为鉴定去除可的松对不同的细胞型的影响进行了差示细胞分析。从两个独立的供体的培养物中回收可的松(在第3周)表现出加强了非成熟的淋巴细胞和粒细胞(表2)。具体说来,成髓细胞和髓细胞表现出两倍的增长,而成淋巴细胞增长了50%。这一结果与可的松作为免疫抑制剂的结果相吻合。Differential cellular analysis was performed to identify the effect of cortisone removal on different cell types. Cortisone recovery (at week 3) from cultures of two independent donors was shown to boost immature lymphocytes and granulocytes (Table 2). Specifically, myeloblasts and myeloid cells showed a two-fold increase, while lymphoblasts increased by 50%. This result is consistent with that of cortisone as an immunosuppressant.

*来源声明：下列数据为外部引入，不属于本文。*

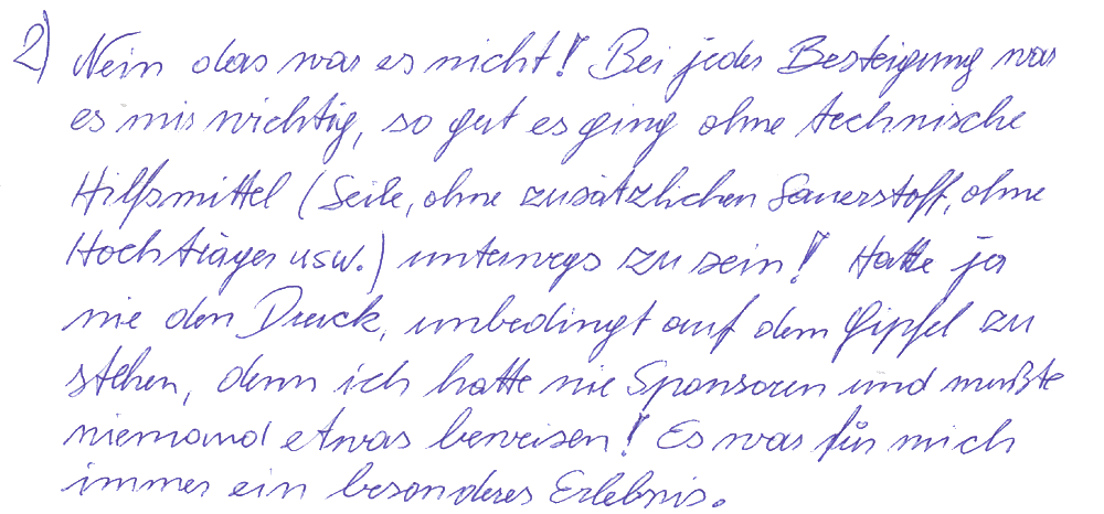 2. Bei der Besteigung des Mount Everest 2001 wurden Sie einem breiteren Publikum bekannt, als Sie den berühmten „Second Step“ am Nordostgrat als zweiter Bergsteiger frei und zudem als erster Alpinist on sight klettern konnten. War das sozusagen der alpinistische Höhepunkt in Ihrem Leben?

差示显示技术用于检测在含可的松和不含可的松的培养物中基因表达方式的不同,以鉴定与去除可的松相关的基因。含有或不含可的松的三维人骨髓培养物在第4周处死,提取黏附细胞的mRNA以分析差示显示的基因。图13确证了回收可的松导致不同的基因表达方式。在到目前所鉴定的基因中是血红素调节的起始fact 2α激酶基因。该基因是通过去除差示表达的基因片段(图13,682bp),再扩增,克隆,测序进行鉴定。血红素控制网织红细胞中的蛋白合成。血红素调节的真核起始因子2α(eIF-2α),也称为血红素调节抑制剂(HRI)在这一过程中起重要作用(59,60)。Differential display techniques were used to examine differences in gene expression patterns in cortisone-containing and cortisone-free cultures to identify genes associated with cortisone removal. Three-dimensional human bone marrow cultures with or without cortisone were sacrificed atweek 4, and mRNA from adherent cells was extracted for analysis of differentially revealed genes. Figure 13 demonstrates that recovery of cortisone results in different gene expression patterns. Among the genes identified so far is the heme-regulated initiation fact 2α kinase gene. The gene was identified by removing the differentially expressed gene fragment (FIG. 13, 682bp), re-amplification, cloning, and sequencing. Heme controls protein synthesis in reticulocytes. Heme-regulated eukaryotic initiation factor 2α (eIF-2α), also known as heme-regulated inhibitor (HRI), plays an important role in this process (59, 60).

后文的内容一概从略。